The overall objectives of this work were to improve a dual extrusion process (DEP) which is used to blend thermotropic liquid crystalline polymers (TLCPs) with thermoplastics, determine the mechanism by which TLCP morphology is developed in the DEP and to determine the optimal properties possible in composite materials generated from the blends. The DEP consists of two single screw extruders within which the TLCP and matrix material are plasticated separately. The two continuous polymer streams are joined and then mixed in a series of static mixing elements. Composite materials were formed from pelletized pregenerated strands by processing at temperatures below the melting point of the TLCP.

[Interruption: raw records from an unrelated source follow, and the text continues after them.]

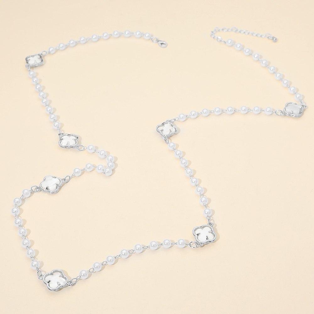 Clear Quatrefoil Cluster Station Pearl Long Necklace
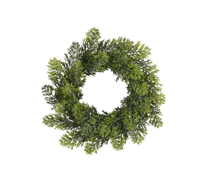 Dekoracyjny wianek świąteczny o średnicy 20 cm, wykonany z gałązek w odcieniu ciemnej zieleni z delikatnie jaśniejszymi końcówkami. Pokryty subtelnym brokatem, który pięknie mieni się w świetle. Idealny do powieszenia na drzwiach, ścianie czy jako baza do tworzenia własnych kompozycji z dodatkiem ozdób, kokard i światełek. Wprowadzi do wnętrza przytulny, zimowy nastrój.
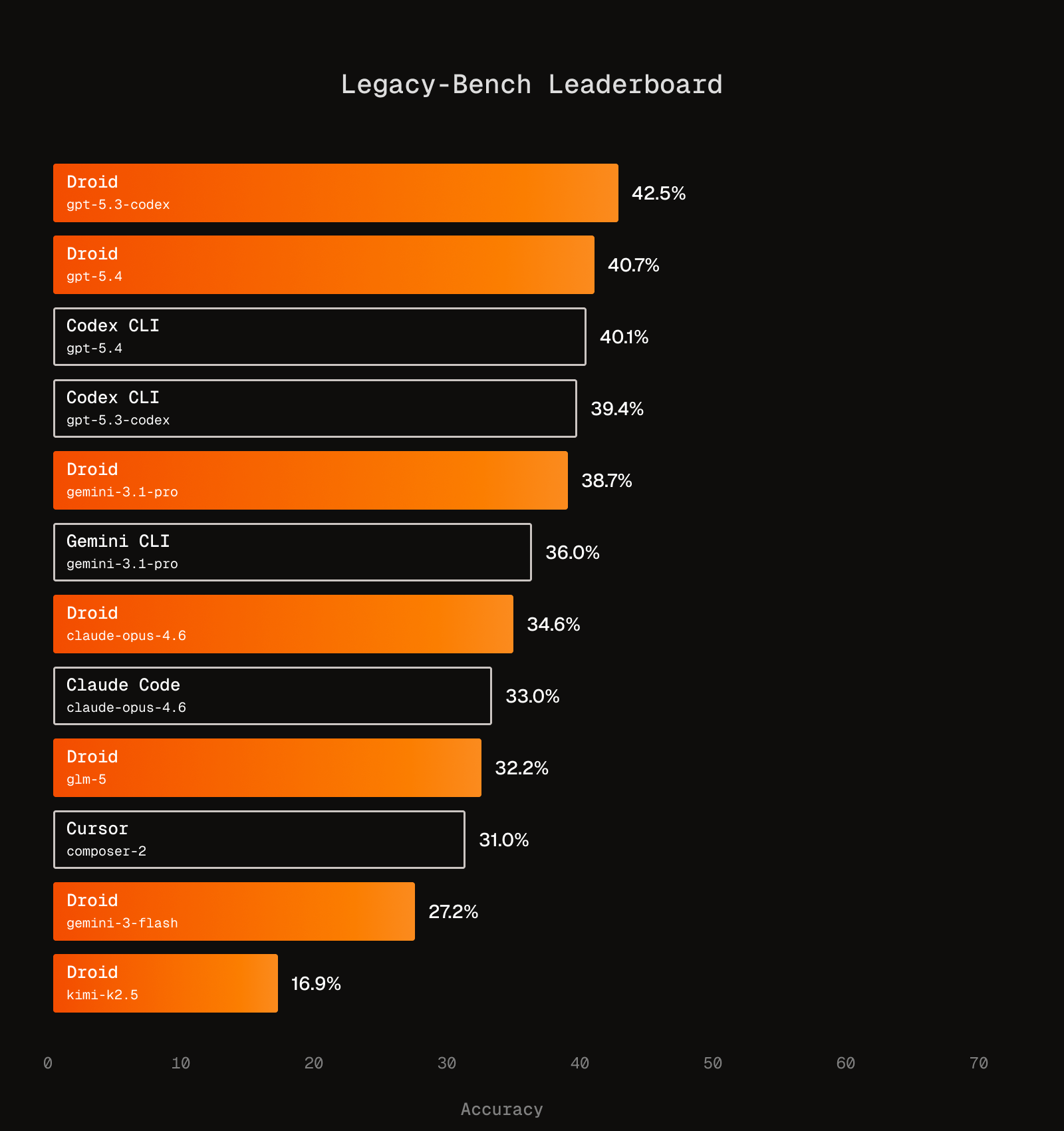 Legacy environments reward agents that verify their work systematically, iterate when things go wrong, and handle format-sensitive output precisely. On 3 tasks, Gemini CLI declared success without compiling and testing the code. Droid's scaffolding enforced a compile-run-verify loop that caught those errors before submission. Gemini CLI also lost at least 2 tasks to a heredoc parser bug that rejected valid bash syntax.
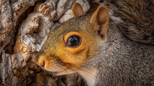 © Ariestia, Obraz premium Close-up of a gray squirrel's face and fur.
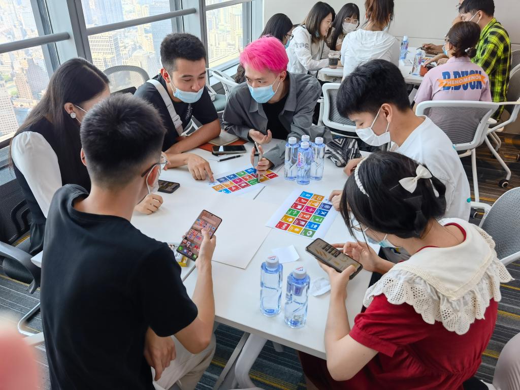 线下实践阶段,学生们参与到联合国工业发展组织-全球科创中心、外交部南南合作促进会和欧盟中国委员会上海长三角中心3个国际组织的实地实践活动中。在联合国工业发展组织-全球科创中心,学生们以联合国17个可持续发展目标为主题,思考并阐述同学们视角下的贫困、资源、健康、生产、教育等国际社会关注的热点问题和可能的解决方案,以小组为单位现场查找资料绘制海报演讲汇报。在参访外交部南南合作促进会时,上海办主任、前中国驻多伦多总领事参赞洪涌清通过自己的外交生涯成长经历给同学们上了生动的一课。在欧盟中国委员会上海长三角中心,同学们分组以路演的形式,组织策划并汇报选定的国际组织在年预算200万人民币前提下的全年工作计划及活动方案。
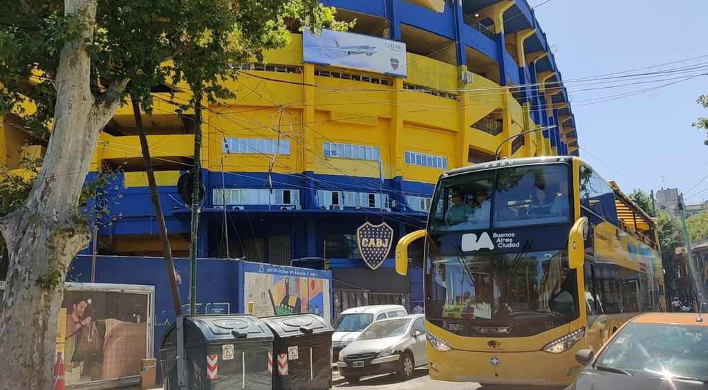 博卡青年队主场也叫“糖果盒”可容纳观众三万八千人。场外周边路窄人多车水马龙,想给“糖果盒”拍一张完整的照片都很难。
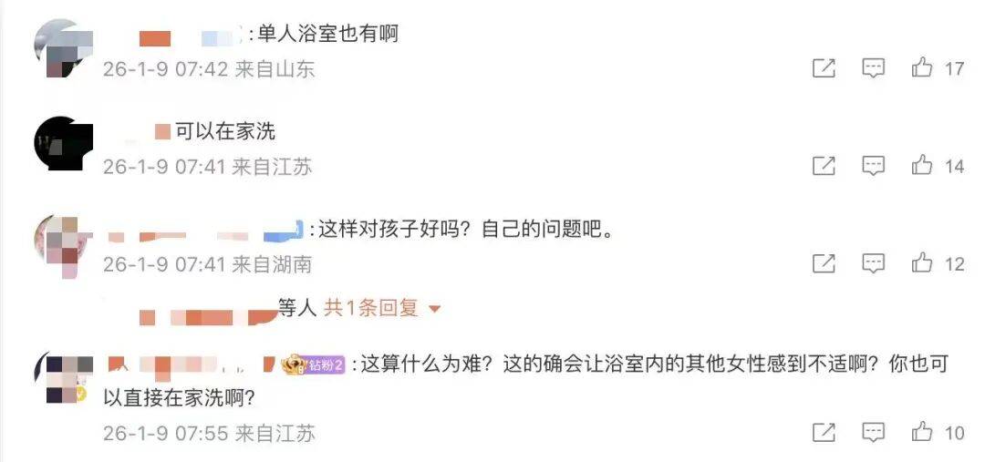 有网友表示,“这算什么为难?这的确会让浴室内的其他女性感到不适啊?你也可以直接在家洗啊?”
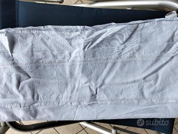 Vendo kit per completino da lettino per bambini bianco con fascia per ricamo a punto croce su lenzuolo e federa. Sotto con angoli. Acquistato e mai fatto.
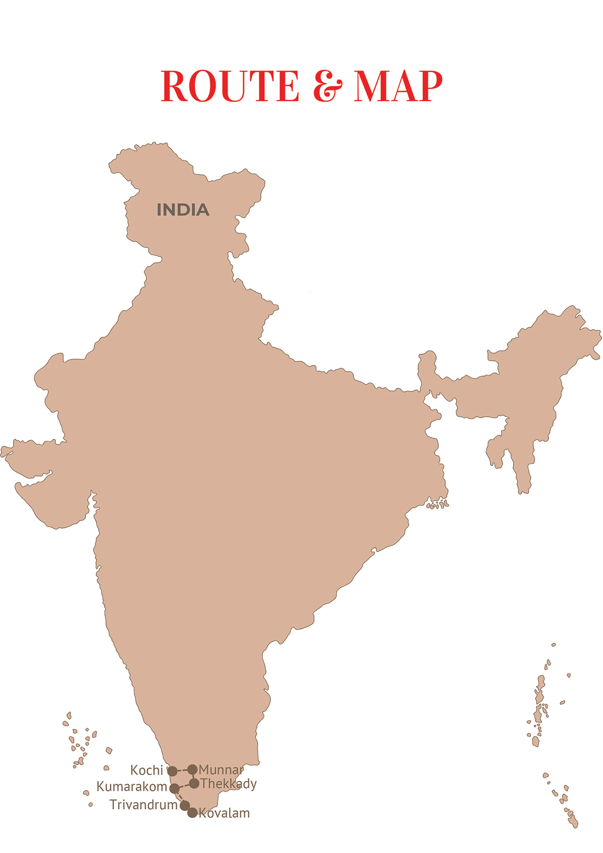 nd spice-laden trade routes shaped a unique coastal heritage. Travel onward to the mist-covered hills of Munnar and the wildlife-rich forests of Thekkady, before slowing down along the tranquil backwaters of Kumarakom with a traditional houseboat cruise. The experience concludes on the palm-fringed shores of Kovalam, where a structured Ayurvedic program, yoga, and treatments relaxation personalised provide and deep renewal. Combining heritage, nature, and holistic healing, this itinerary captures the diverse spirit of South India at an unhurried pace.

The DEP was improved by the addition of a gear pump to the TLCP stream, a multiple port phase distribution system, static mixing design, minimization of residence time, die design, and introduction of thermal control over the entire strand production process. The TLCP material was introduced into the matrix phase by means of a multiple port phase distribution system which injected 12 individual TLCP streams parallel to the flow direction of the matrix stream. This design resulted in improvements in the axial continuity of the TLCP phase during mixing and improved radial mixing as compared with a simple T-injection system. Both Kenics and Koch static mixer designs were evaluated in this investigation and it was found that the use of either could produce similar mechanical property enhancement in the resulting blends provided that an excessive number of elements were not used. Furthermore, it was found that the most stable strand materials were formed when the die was designed with respect to the flow exiting the static mixer elements. For example, a dual strand die with each capillary having an L/D ratio of 1 produced the most stable strands when used with the Kenics mixing elements. Finally, it was found that drawing the molten blend strand in a vertical drawing chimney provided a favorable thermal environment and resulted in much higher draw ratios and high mechanical properties of the strand.

The other objectives of this work including the development of morphology and composite materials produced from pregenerated strands is presented in two manuscripts formatted for submission to appropriate journals. Detailed abstracts dealing with these two topics are included therein.